The CBSA’s role “is to assess the security risk and admissibility of persons coming to Canada”, spokesperson Rebecca Purdy said in an email. “This process may include primary interviews and secondary examinations,” she said.
“This means that all travellers, foreign nationals and those who enter Canada by right, may be referred for secondary inspection – this is a normal part of the cross-border process and should not be viewed as any indication of wrongdoing.”
Global Affairs Canada, the Canadian foreign ministry, did not immediately respond to Al Jazeera’s request for comment on Falk’s allegation that his interrogation is part of a broader, global crackdown on opposition to Israel’s Gaza war.
Canadian Senator Yuen Pau Woo, a supporter of the Palestine Tribunal, said he was “appalled” that two international law and human rights experts were questioned in Canada “on the grounds that they might pose a national security threat”.

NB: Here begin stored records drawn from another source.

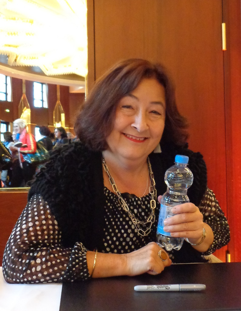 New Zealand actress Lori Dungey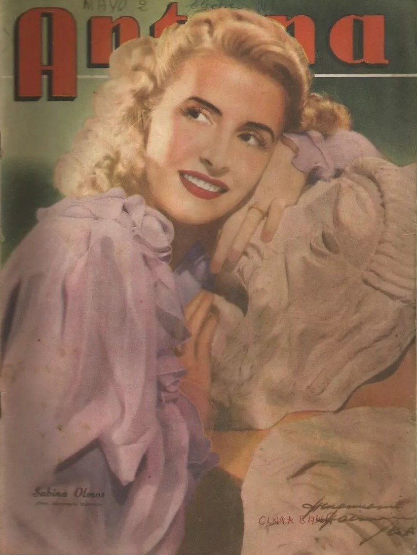 Sabina Olmos on Antena cover, 1949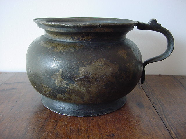 Pewter chamber pot Dutch 16th C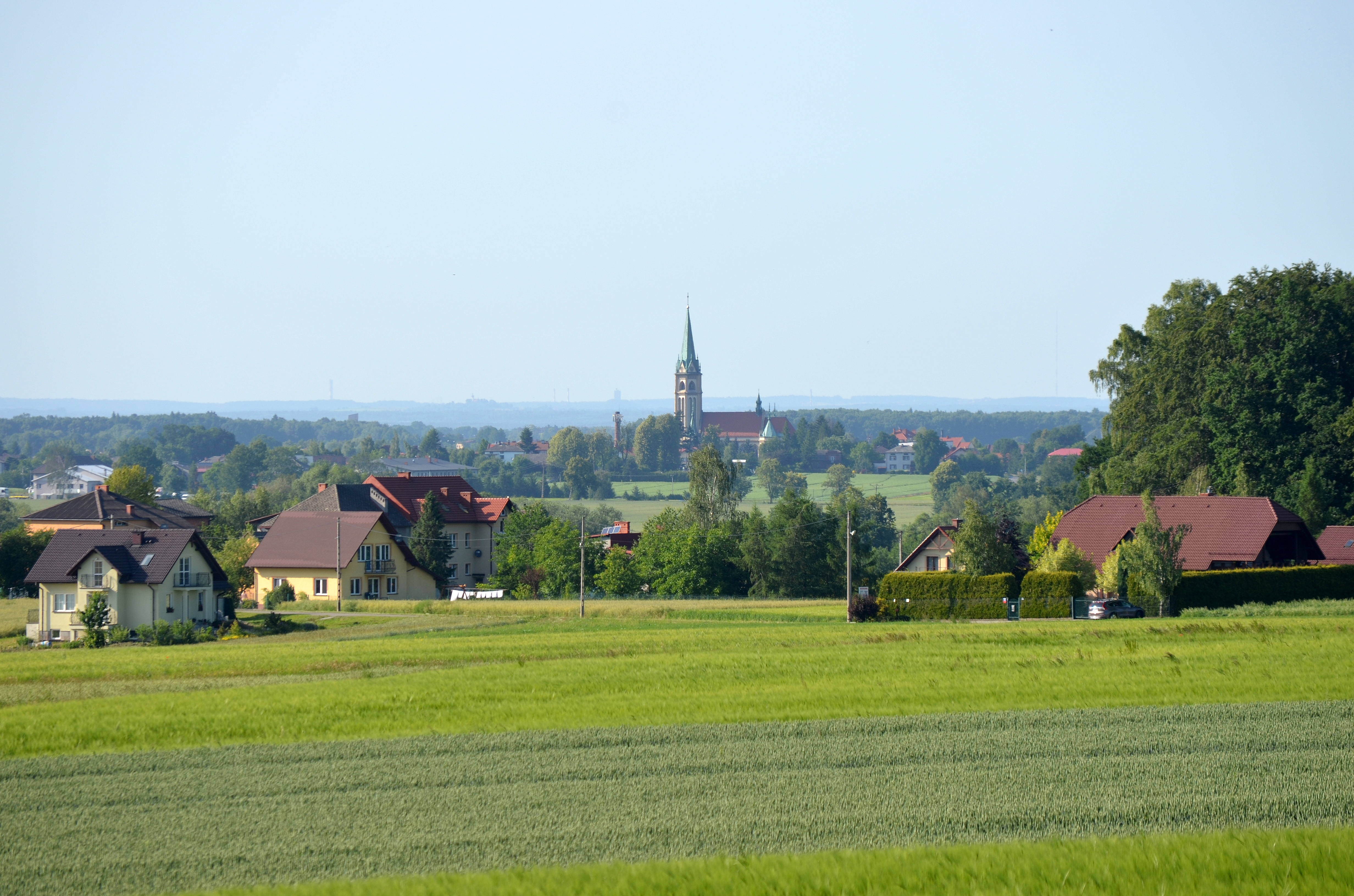 Wilamowice

“We know they were here to attend the Palestine Tribunal. We know they have been outspoken in documenting and publicising the horrors inflicted on Gaza by Israel, and advocating for justice,” Woo told Al Jazeera in an interview on Saturday afternoon.
“If those are the factums for their detention, then it suggests that the Canadian government considers these acts of seeking justice for Palestine to be national security threats – and I’d like to know why.”
Enabling Israel’s war
Like other Western countries, Canada has been under growing pressure to cut off its longstanding support for Israel as the Israeli military assault on Gaza killed tens of thousands of Palestinians and plunged the coastal territory into a humanitarian crisis.
Ottawa announced in 2024 that it was suspending weapons permits to its ally as pressure mounted over the war.
But researchers and human rights advocates say loopholes in Canada’s arms export system have allowed Canadian-made weapons to continue to reach Israel, often via the United States.
Rights groups have also called on the Canadian government to do more to support efforts to ensure that Israel is held accountable for abuses against Palestinians in Gaza, including war crimes.
“This violence is not in the past tense; the bombs have not stopped falling,” Rachel Small, the Canada organiser for the antiwar group World Beyond War, said during the Palestine Tribunal’s closing day on Saturday.
“And none of that violence, none of Israel’s genocide … [would be] possible without the flow of weapons from the United States, from Europe, and yes, from Canada,” Small said.
At least 260 Palestinians have been killed in Israeli attacks on Gaza since a ceasefire deal between Israel and Hamas came into effect last month, according to health authorities in the besieged coastal enclave.
Palestinians also continue to reel from a lack of adequate food, water, medicine and shelter supplies as Israel maintains strict curbs on humanitarian aid deliveries.
Against that backdrop, Falk told Al Jazeera on Saturday that “it’s more important than ever … to expose the reality of what’s happening” on the ground in Gaza.
“There’s this whole false sense that the genocide is over,” he said. “[But Israel] is carrying out the genocidal project in a less aggressive way, or a less intense way. It’s what some have called the incremental genocide.”